___ DATA EXTRACT ___

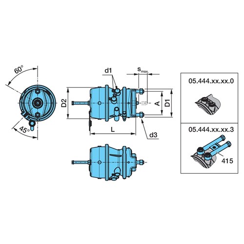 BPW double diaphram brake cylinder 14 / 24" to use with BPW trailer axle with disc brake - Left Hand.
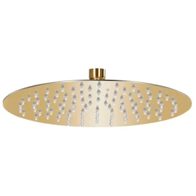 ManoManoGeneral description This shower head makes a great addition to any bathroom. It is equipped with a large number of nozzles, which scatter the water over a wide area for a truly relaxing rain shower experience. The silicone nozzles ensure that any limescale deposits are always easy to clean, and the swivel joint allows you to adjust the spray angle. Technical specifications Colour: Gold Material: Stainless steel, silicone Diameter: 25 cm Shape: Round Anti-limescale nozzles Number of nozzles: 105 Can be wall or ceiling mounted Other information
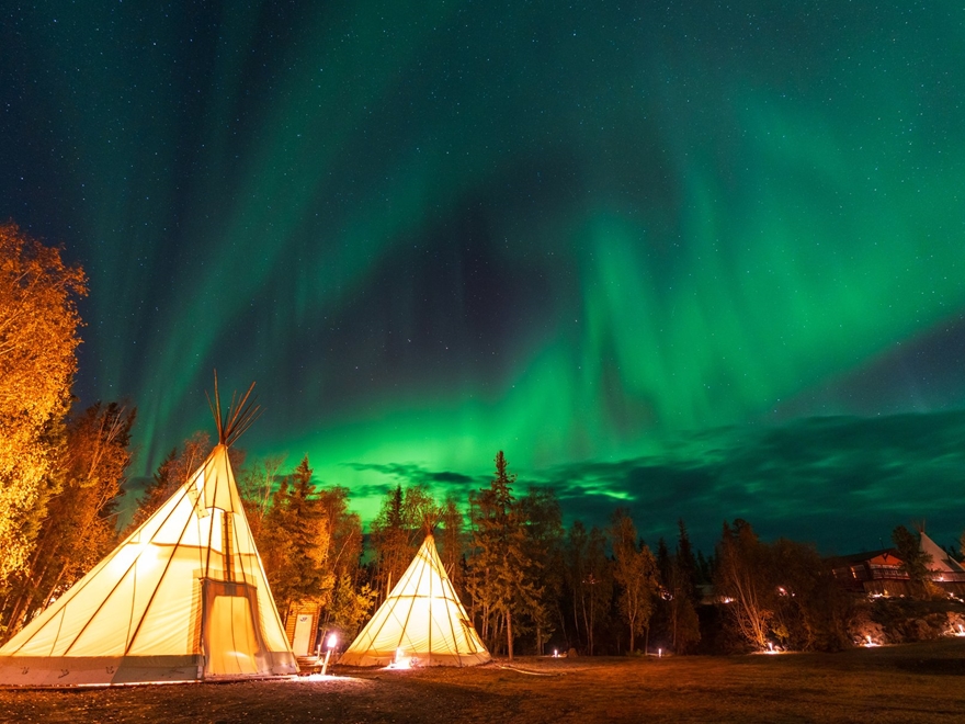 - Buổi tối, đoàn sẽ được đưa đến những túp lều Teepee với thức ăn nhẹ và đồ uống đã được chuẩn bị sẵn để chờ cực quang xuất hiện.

___

[ASSIGNMENT]
The answer is the listing above repeated verbatim, minus its images.

[FINISHED EXERCISE]
 BPW double diaphram brake cylinder 14 / 24" to use with BPW trailer axle with disc brake - Left Hand.
 ManoManoGeneral description This shower head makes a great addition to any bathroom. It is equipped with a large number of nozzles, which scatter the water over a wide area for a truly relaxing rain shower experience. The silicone nozzles ensure that any limescale deposits are always easy to clean, and the swivel joint allows you to adjust the spray angle. Technical specifications Colour: Gold Material: Stainless steel, silicone Diameter: 25 cm Shape: Round Anti-limescale nozzles Number of nozzles: 105 Can be wall or ceiling mounted Other information
 - Buổi tối, đoàn sẽ được đưa đến những túp lều Teepee với thức ăn nhẹ và đồ uống đã được chuẩn bị sẵn để chờ cực quang xuất hiện.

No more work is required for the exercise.